Neeson, 66, said that his “primal” urge to enact revenge on *any* black man had been informed by his childhood in Northern Ireland during the Troubles. “We all pretend we’re all politically correct,” he added.
He has cancelled an appearance on The Late Show with Stephen Colbert on Friday night as the controversy continues.
On Tuesday, the ex-England footballer and anti-racism campaigner John Barnes defended Neeson: “What he’s done is he’s come out and he’s told the truth.”
Listen into the recording here and make up your own mind.
What Neeson planned to do was evil – no better than the neo-Nazi Robert Bowers who felt that he had to make the congregation of The Tree of Life synagogue in Pittsburgh pay for being Jewish.
But he didn’t do it – and his story remains just that, an unpleasant and insane dream of revenge and hatred. He seemed to be groping clumsily towards two uncomfortable truths – revenge is a superficially attractive impulse, and racism is much more ingrained than most of us would care to admit.
In any case, I wonder what contemporary social media would have made of the celebrities or artists of the past with dubious views. They would not have lasted two minutes on Twitter without having to resign from the human race.
I find the scale of the global reaction unsurprising given that our postmodern culture (on both sides of the Atlantic) can tolerate almost any excess as long as it’s given an ironical twist – take the extraordinary popular success of Martin McDonagh’s “Three Billboards Outside Ebbing Missouri”, a film that operates in an atmosphere of absurd happenstance, in which the question of evil (how to comprehend the rape and murder of a teenage girl?) is replaced by a far stupider question – how much violence can you take before you walk out of the cinema? Bloodied hands, bashed in faces, burnt bodies, even a cruel caricature of a dwarf get a look in before the curtain falls.
Look at the critical acclaim directed towards French filmmaker Gaspar Noé and his much fêted latest, “Climax”, released in August. The film follows an ethnically diverse dance troupe who find that they have all been spiked with LSD. As the LSD takes full effect, everyone behaves execrably in all kinds of mad ways (stabbing, screams, paranoiac violence).

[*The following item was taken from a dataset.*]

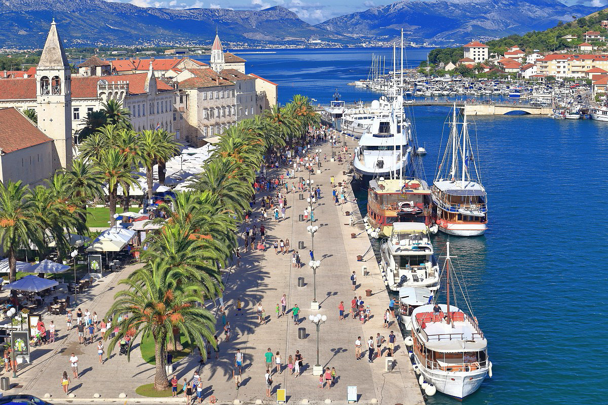 Medzi 13:00 a 14:00 nalodenie v prístave Trogir. Možnosť parkovania (za poplatok), prevoz batožiny k lodi. Následuje stretnutie so sprievodcom vrátane welcome drinku, zoznámenie sa s posádkou a svojimi spolucestujúcimi. Po ubytovaní vypláva loď do zátoky na ostrove Čiovo, kde máme možnosť užiť si prvé kúpanie v krišťálovo čistých vodách Jadranu. Cieľom prvého dňa plavby je Split. Hlavnou dominantou Splitu je staré centrum mesta, ktoré bolo postavené na mieste Diokleciánovho paláca. Komplex zapísaný na zozname svetového dedičstva je domovom 1700 rokov starých rímskych hradieb, obytných budov, kostolov, kaviarní... Večer máte voľno na prechádzku starým mestom.

But it is only the black men who act in concert. In the film Noé reserves a special disgust for black characters. Everyone talks about sex all the time; only the black men fantasise about rape.
The film glosses itself as a spoof. “DEATH IS AN EXTRAORDINARY EXPERIENCE” flashes up onto the screen as the film comes to an end. The opening credits roll over Noé’s DVD and book collection, featuring all the enfant terrible classics of French literature including Rimbaud’s A season in hell. Compare me to Rimbaud? I dare you! Take me seriously – go on, walk out, because the joke is on you.
Given the flippancy with which our popular culture treats the problem of evil, we should perhaps think twice before “cancelling” Neeson from the stage.